Has anyone try to contact the New Jersey police? The father might had drove to New Jersey at the time and does anyone know what kind of car the father was driving at the time?
 
A woman that went missing 22 years ago would be celebrating her 50th birthday Tuesday.

The FBI and Homestead Police Department (HPD) are asking the public to come forward with information.

At just nine years old, Maribel Oquendo-Carrero left her home on Dec. 6, 1982, to walk to the corner store in Homestead, Florida, to buy some items. She was never seen or heard from again.

The FBI is offering $25,000 to anyone with information leading to the recovery of Maribel or the arrest and conviction of the person responsible for her disappearance, a news release said.

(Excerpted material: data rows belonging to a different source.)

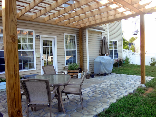Here is the [nearly] finished pergola and patio!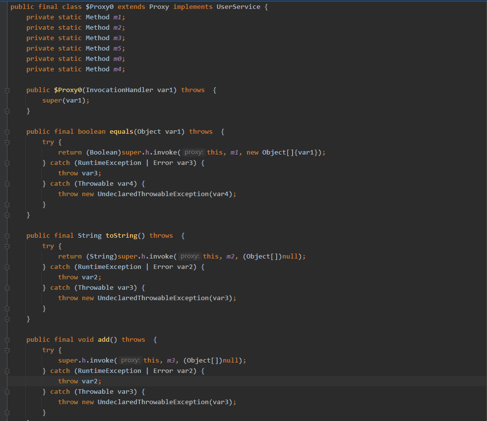 可以看到生成的代理类$Proxy0继承自Proxy类,并实现了UserService接口,并且在add()方法中通过其父类Proxy中维护的InvocationHandler对象调用invoke()方法,这也就成功的解释了前面调用userService.add()方法,会回调到invoke()方法。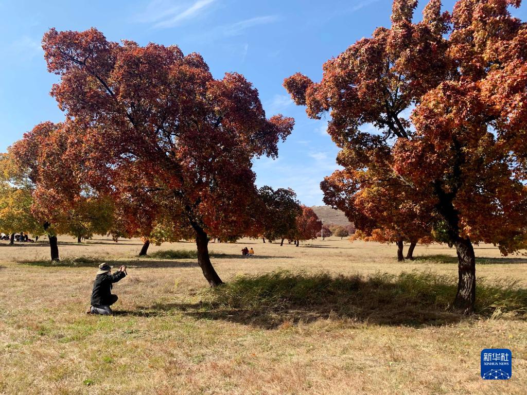 10月9日,摄影爱好者在科尔沁右翼中旗翰嘎利——五角枫旅游区内采风。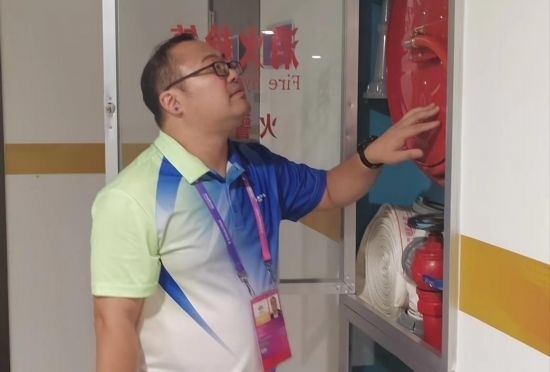 王偉亮駐點在杭州黃龍體育中心體育場,根據足球賽開賽時間的特點,他一般是下午17:30以前到崗,先是對黃龍體育中心體育場開展賽前風險查勘,沿著場館外圍觀眾通行通道對消防設施、排水設施、通風設施、觀眾席出入口、無障礙通行設施以及懸空固定設施逐一進行檢查,進行風險排除。在賽中和賽后,他也要持續(xù)巡場,對因觀眾進場導致發(fā)生的新的風險情況予以反饋和處置,真正結束工作已經要到凌晨0:30左右。如今亞運已經開幕,多場比賽均達到場館的最大負荷,王偉亮長期處于精神高度集中、體力臨近上限的狀態(tài)。但是他沒有絲毫松懈,遇到突發(fā)情況時,依舊會第一個沖上去提供幫助。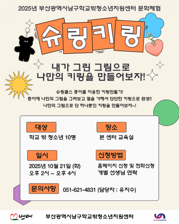 학교밖청소년 지원센터 문화체험 프로그램 '슈링키링' 참여 청소년 모집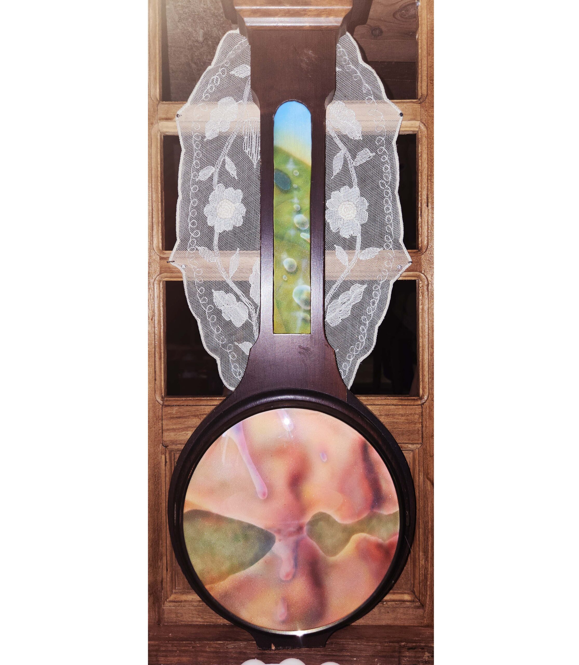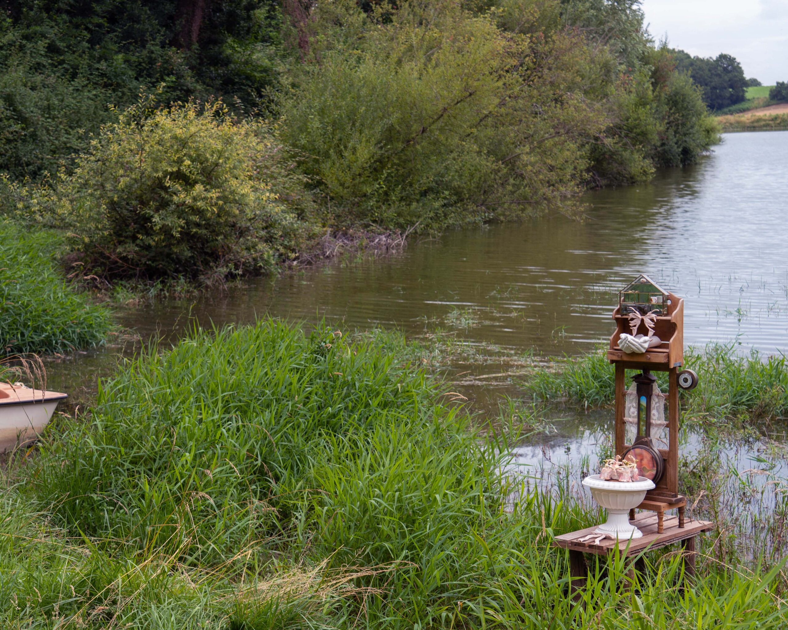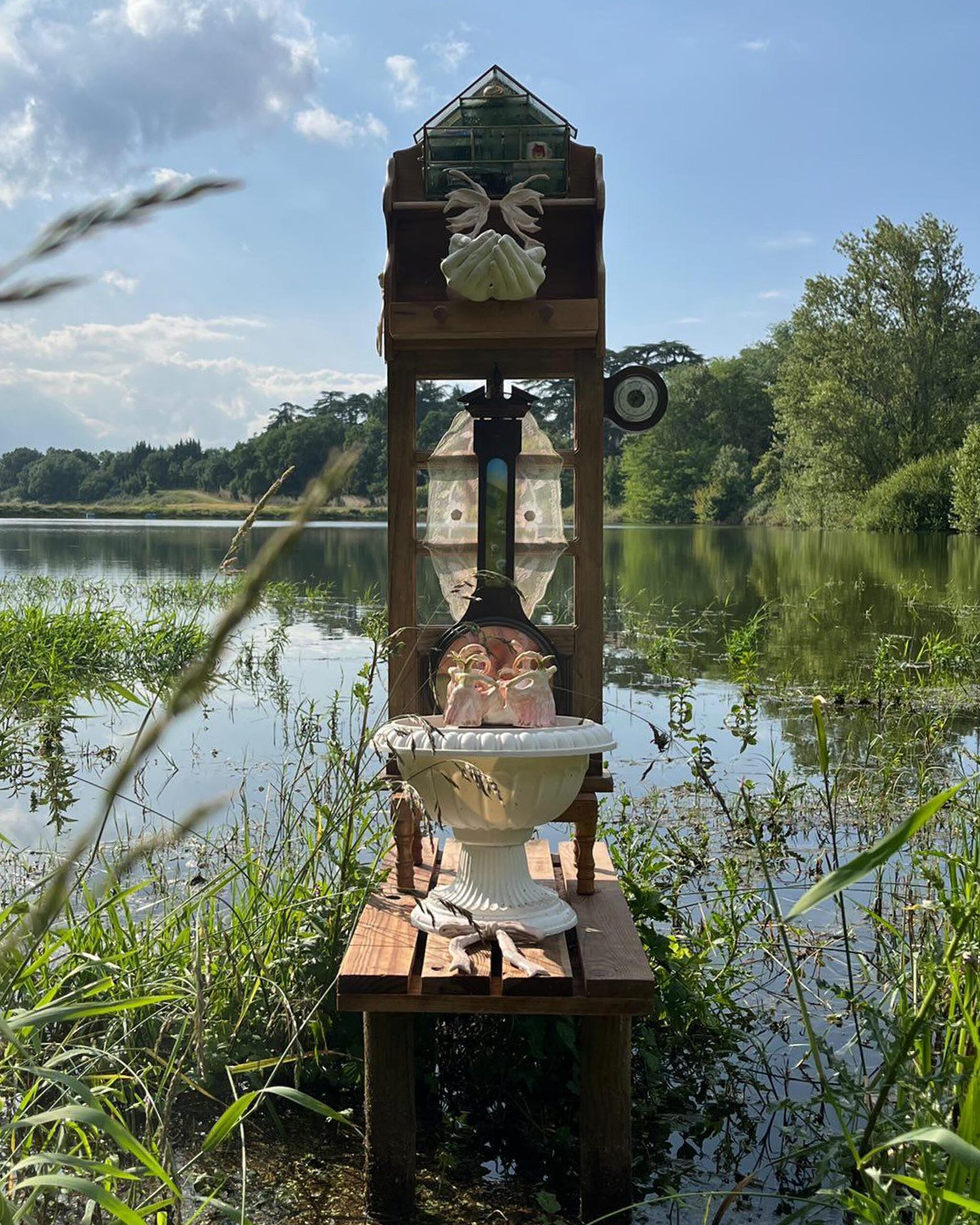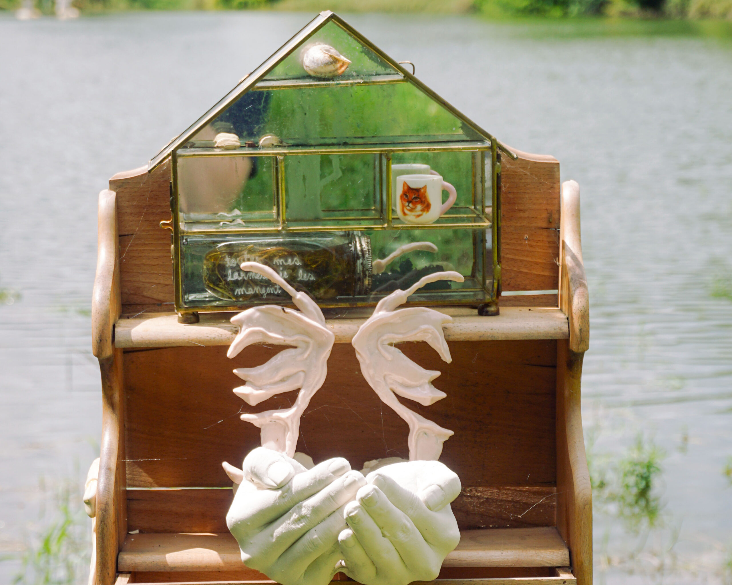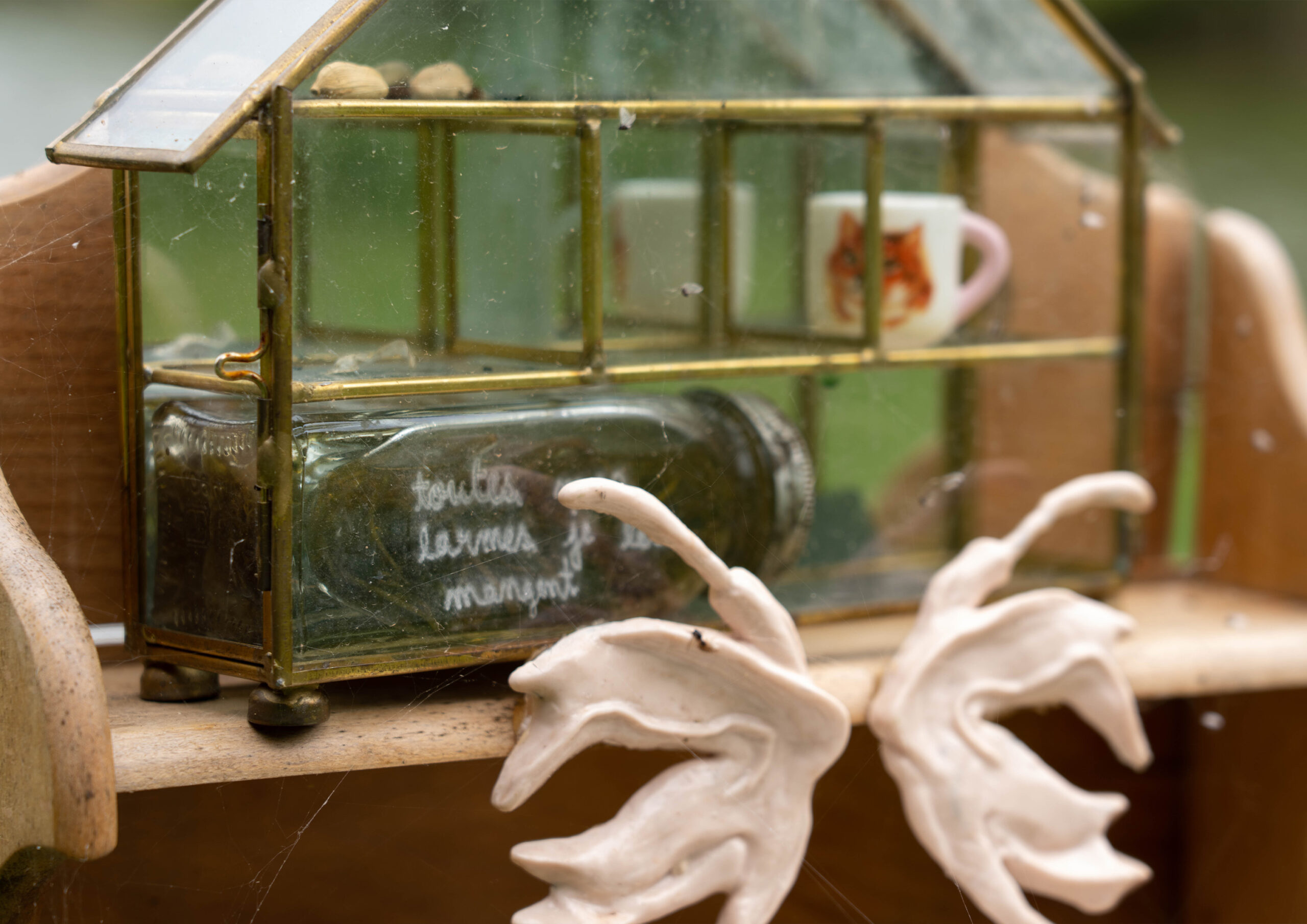 bois, argile polymère, plâtre, maison en verre, céramique, peinture acrylique sur soie, horloge, fontaine sur pied en plastique, fleurs séchées, tissu dentelle

The young child, who is now 50 years old, was born in Camden, New Jersey, but has ties to Puerto Rico, New York and Florida.
 
When I saw Maribel's case I thought how much of a coincidence is it that Jennifer Marteliz went missing November 15, 1982 from Tampa. Even though opposite sides of state they both were young children, looked simular, and were walking to store or home from school. I'm not sure this case is non custodial parent thing. Seems stranger abduction to me. Especially since after all these years there has not been an arrest nor Maribel found alive. I wonder if there are simular missing child cases that have similarities from that time. Jennifer Sophia Marteliz – The Charley Project
 
I just searched missing kids database between Jan 1, 1980-Jan 1, 1985 age range 5-12 hispanic either sex and it's strange to me only Maribel and Jennifer where the only ones to come up. What seems eerie is they went missing just over 2 weeks apart.
 
I just searched missing kids database between Jan 1, 1980-Jan 1, 1985 age range 5-12 hispanic either sex and it's strange to me only Maribel and Jennifer where the only ones to come up. What seems eerie is they went missing just over 2 weeks apart.
i wonder if LE ever considered this connection and tried to track Thomas Welnicki's whereabouts on November 15. both cases seem to point to obvious suspects, but it is possible Welnicki and his unidentified partner started with Jennifer and then once the floodgates were open, one or both of them felt compelled to attack gain quickly and looked closer to home.
 
Also, going down a bit of a rabbit hole, is this the SAME Thomas Welnicki? The ages line up...

Man's threat to assassinate Trump was "drunken cry" for reassurance: Lawyer

Man's Threat to Assassinate Trump Was 'Drunken Cry' for Reassurance: Lawyer​

The lawyer representing a man who is accused of threatening to kill former President Donald Trump recently said that the threats were instead a "drunken cry for reassurance."

In January, 72-year-old Thomas Welnicki was arrested by U.S. Secret Service agents after he made several phone calls to the agency making threats to kill Trump as well as some members of Congress if the former president lost the 2020 election and did not concede the results.